# Assignment
Everything in the listing below must be reproduced exactly, apart from its images.

Dataset content section start

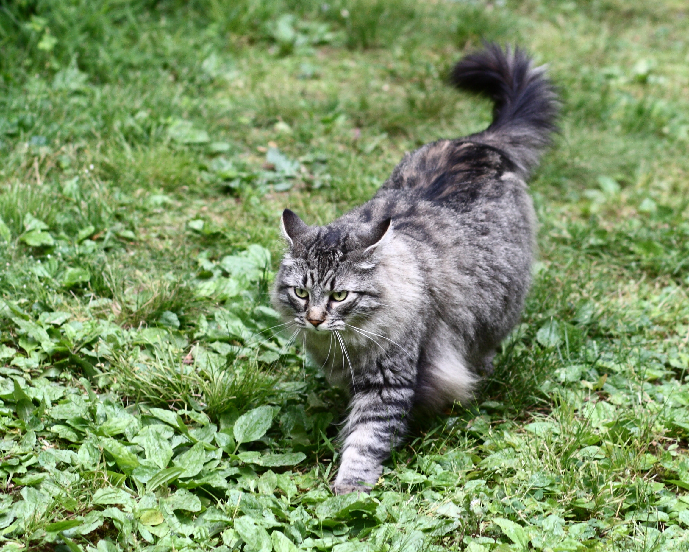 An adult Maine Coon tabby cat, from Connecticut, USA
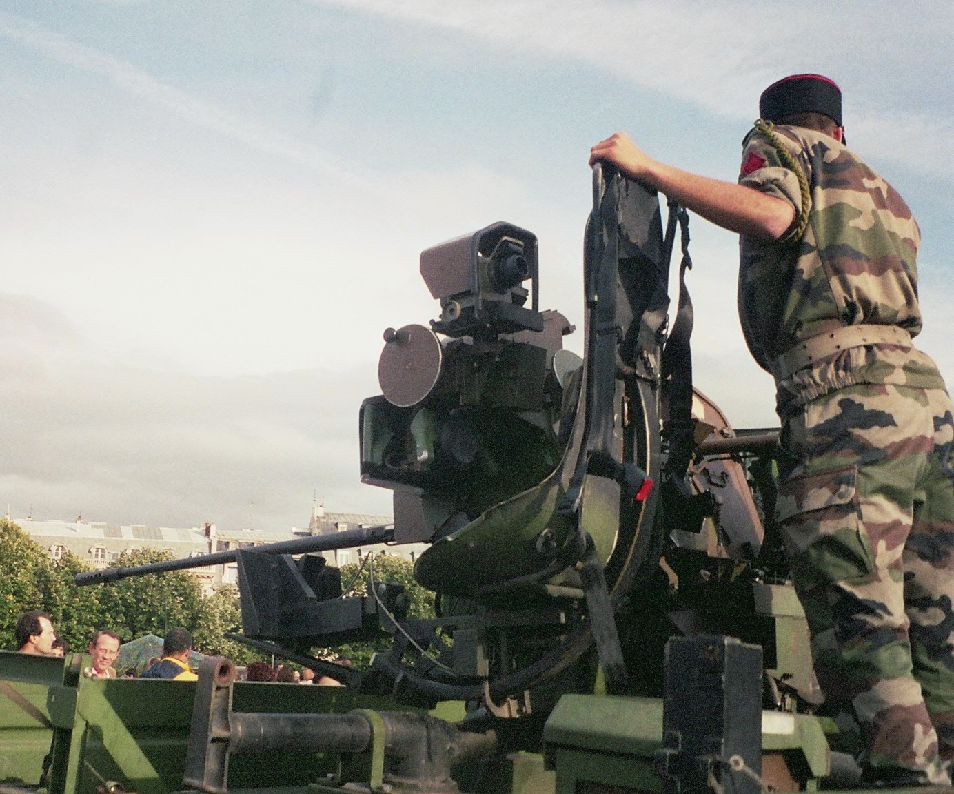 Anti-aircraft cannons of 20 mm, Nation/Defense days, Esplanade des Invalides, Paris, France, September 24-25, 2005
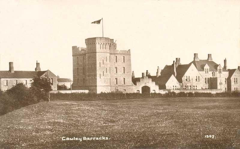 Postcard showing Cowley Barracks, Oxford
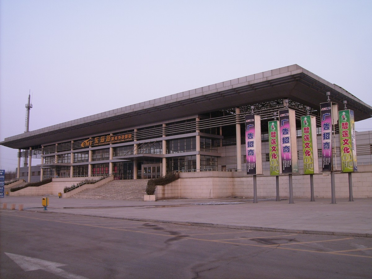 Donghai Lu Station, the terminus of Tianjin Metro Line 9, aka Binhai Mass Transit (Tianjin-Binhaixinqu Light Rail)

Dataset content section end

# Output
 An adult Maine Coon tabby cat, from Connecticut, USA
 Anti-aircraft cannons of 20 mm, Nation/Defense days, Esplanade des Invalides, Paris, France, September 24-25, 2005
 Postcard showing Cowley Barracks, Oxford
 Donghai Lu Station, the terminus of Tianjin Metro Line 9, aka Binhai Mass Transit (Tianjin-Binhaixinqu Light Rail)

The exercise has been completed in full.